Петербург Достоевского - [4]
А. И. Савельев вспоминает о своих беседах с Достоевским в комнате для дежурного офицера, выходившей окнами в черный дворик.
«Должно заметить, что в Михайловском (Инженерном) замке сохранилось до сих пор много устных преданий о первой четверти нынешнего столетия, касающихся истории замка: сохранились указания, где была тронная зала императора, его спальня, столовая, кухня; не так давно заделан ход в стене, в котором шла лестница из среднего этажа в нижний, уничтожен коридор, шедший к дверям, ведущим к каналу, где когда-то стояла лодка; сохранился в одной из овальных комнат замка крюк, на котором висел голубь, принадлежавший секте хлыстов, под которым они совершали свои «радения» и проч.»[24]

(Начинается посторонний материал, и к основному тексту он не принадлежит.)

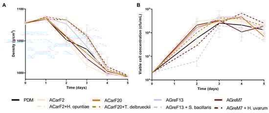 Fermentation performance at pilot scale of wines fermented with different strains. Single fermentations with the S. cerevisiae strains, ACarF20, ACarF2, AGreM7, and AGreF13, and mixed fermentations with these S. cerevisiae strains sequentially inoculated with strains of the following non-Saccharomyces species: T. delbrueckii, H. opuntiae, H. uvarum, and S. bacillaris. (A) Density. (B) Viable cell concentration. Data are expressed as mean values (with standard deviation shown as error bars) of n = 2.

Среди этих романтических воспоминаний, овеянных жуткой тенью трагической ночи 11 марта, слагались первые петербургские впечатления Достоевского.
По окончании училища, в период столь быстро создавшегося «преблистательного» литературного успеха, созданного сочувствием и содействием Некрасова и Белинского, начинающий писатель проживал в различных частях Петербурга.
В письме, помеченном датой 30 сентября 1844 г., он сообщает свой адрес:
«У Владимирской церкви в доме Прянишникова в Графском переулке».[25]
В 1846 г. в феврале мы застаем его на новой квартире вблизи той же Владимирской церкви: на углу Гребецкой (теперь Ямской) и Кузнечного переулка, в доме купца Кунина.[26] В этом 1846 году он постоянно менял местожительство.[27] В сентябре Достоевский жил у Казанского собора,[28] на углу Б. Мещанской (ныне Казанской) и соборной площади, в доме Кохендорфера № 25. В ноябре он перебрался на Васильевский остров[29] и снял квартиру против лютеранской Екатерининской церкви,[30] на углу Больш. проспекта и 1-й линии, в доме Солошича, № 26. Весной 1847 года Достоевский уже снова в центральном городе у Исаакиевского собора,[31] на углу М. Морской (ул. Гоголя) и Вознесенского проспекта, в доме Шиля, в кв. Бреммера. Этот адрес представляет особый интерес. Как увидим позднее, Вознесенский проспект часто упоминается в его сочинениях. Действие «Преступления и Наказания» тесно связано с Вознесенским проспектом, и Раскольников жил[32] в доме Шиля,[33] приуроченном к Столярному переулку.
Все перечисленные здесь адреса обладают двумя особенностями. Достоевский в эту эпоху всегда селился против церкви и непременно в угловом доме. Является ли это обстоятельство простой случайностью или же оно определяет вкус писателя, на это дать ответа нельзя, без соответствующих указаний самого Достоевского.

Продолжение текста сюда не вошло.